# Feature Specification: MCP Server Context Window Protection
**Feature Branch**: `005-project-brownfield-hardening`
**Created**: 2025-10-15
**Status**: Draft
**Input**: User description: "Project: Brownfield hardening of an existing MCP server used by Claude. Context & Problem: We have an existing MCP server integrated with Claude; large tool/resource outputs are overrunning the model's context window, degrading quality and causing truncation or hard errors..."
## User Scenarios & Testing *(mandatory)*
### User Story 1 - Paginated List Results (Priority: P1)
Claude requests a list of resources (e.g., listings, bookings, transactions) from the MCP server and receives a manageable first page of results with clear instructions on how to fetch additional pages if needed.
**Why this priority**: This addresses the most common cause of context overflow - unbounded list operations. Without pagination, a single tool call can return hundreds or thousands of items, immediately consuming the entire context window. This is the foundation for all other improvements.

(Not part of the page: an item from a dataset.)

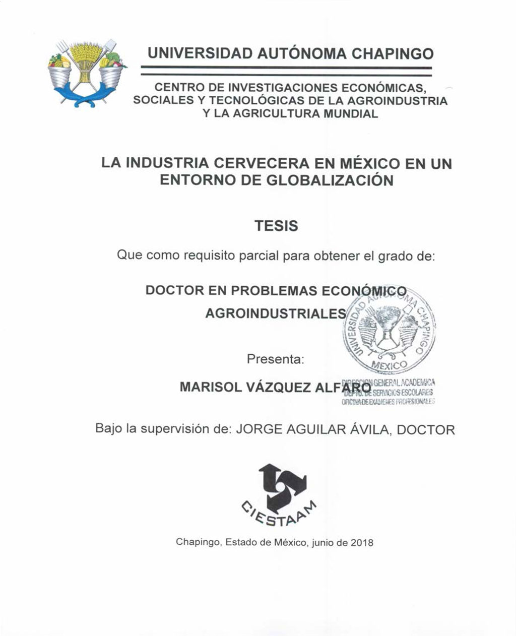 Tesis (Doctorado en Problemas Económico Agroindustriales)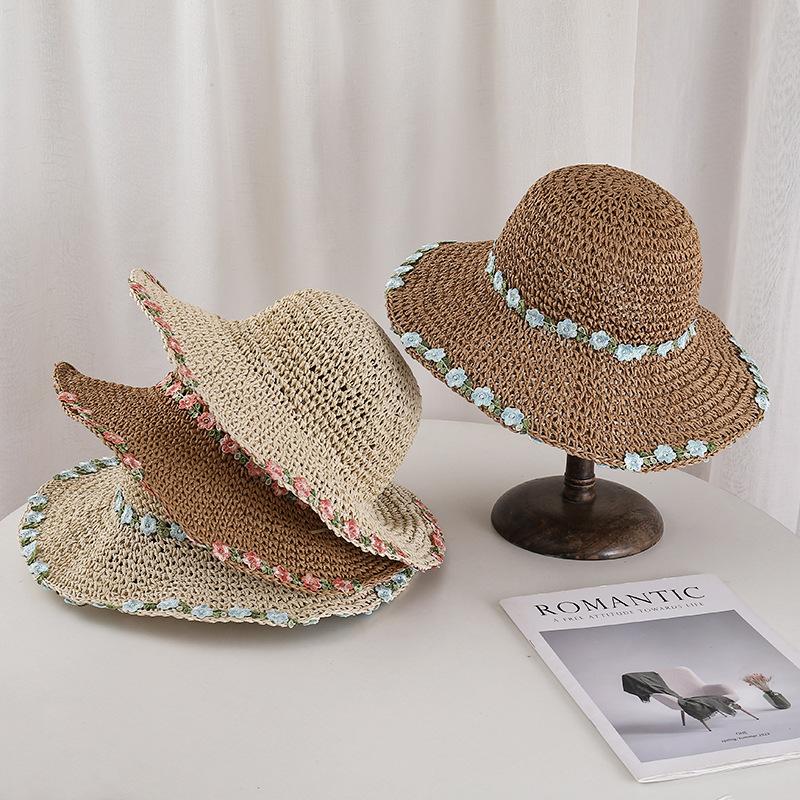 Sombrero de Paja Tejida Arcoíris Sombrero de Cubo para Mujer 2025 Nuevo Verano Sombrero de Protección Solar Sombrero para el Sol Viaje junto al Mar Sombrero de Playa

**Independent Test**: Can be fully tested by calling any list endpoint with a large dataset and verifying it returns only a limited number of items plus pagination metadata, delivering immediate value by preventing context overflow on the most common operations.
**Acceptance Scenarios**:
1. **Given** Claude requests a list of 500 bookings, **When** the server processes the request, **Then** the response contains the first 50 bookings, total count of 500, and a cursor for fetching the next page
2. **Given** Claude uses a pagination cursor from a previous response, **When** requesting the next page, **Then** the server returns the next batch of items with an updated cursor
3. **Given** Claude requests a list with only 10 total items, **When** the server processes the request, **Then** all items are returned without pagination metadata (no unnecessary overhead for small datasets)
4. **Given** Claude reaches the final page of results, **When** processing the response, **Then** no next cursor is provided, indicating completion
---
### User Story 2 - Automatic Response Summarization (Priority: P1)
When Claude requests data that would exceed safe token limits, the server automatically provides a condensed summary with key information and instructions for accessing complete details on demand.
**Why this priority**: Even with pagination, individual items can be verbose (e.g., a booking with extensive guest details, property amenities, pricing breakdowns). Summarization prevents single-item bloat while keeping the most important information accessible. This complements pagination by handling per-item verbosity.
**Independent Test**: Can be fully tested by requesting a resource with extensive details and verifying the response contains only essential fields with instructions for accessing full details, delivering value by preventing single-item context overflow.
**Acceptance Scenarios**:
1. **Given** Claude requests booking details that exceed 2000 tokens when fully expanded, **When** the server processes the request, **Then** a summary with essential fields (ID, status, guest name, dates, property) is returned with instructions to request specific detail categories
2. **Given** Claude requests full financial details after receiving a summary, **When** the server processes the detailed request, **Then** only the financial section is returned in full detail
3. **Given** Claude requests a small resource under 500 tokens, **When** the server processes the request, **Then** full details are returned without summarization (no unnecessary complexity for small responses)
4. **Given** a summary response includes token budget information, **When** Claude processes the response, **Then** the metadata shows estimated tokens used and available budget remaining
---
### User Story 3 - Configurable Token Budgets (Priority: P2)
Operations teams can configure token limits and response behaviors through environment variables or configuration files without code changes, allowing tailored limits for different deployment environments or use cases.
**Why this priority**: Different environments and workflows have different needs. Development may need larger limits for debugging, while production prioritizes strict controls. This enables the same codebase to serve multiple use cases safely.
**Independent Test**: Can be fully tested by modifying configuration values and verifying the server respects new limits without restart, delivering value by allowing runtime adaptation to different operational requirements.
**Acceptance Scenarios**:
1. **Given** an operations engineer updates the token limit configuration from 4000 to 8000 tokens, **When** the configuration is reloaded, **Then** subsequent responses respect the new 8000 token limit
2. **Given** a feature flag enables pagination for a specific endpoint, **When** that endpoint is called, **Then** pagination is applied while other endpoints remain unchanged
3. **Given** default configuration values are documented, **When** a new deployment uses defaults, **Then** safe production limits (4000 tokens per response, 50 items per page) are automatically applied
4. **Given** invalid configuration is provided, **When** the server attempts to reload, **Then** current configuration remains active and an error is logged
---
### User Story 4 - Response Chunking for Large Content (Priority: P2)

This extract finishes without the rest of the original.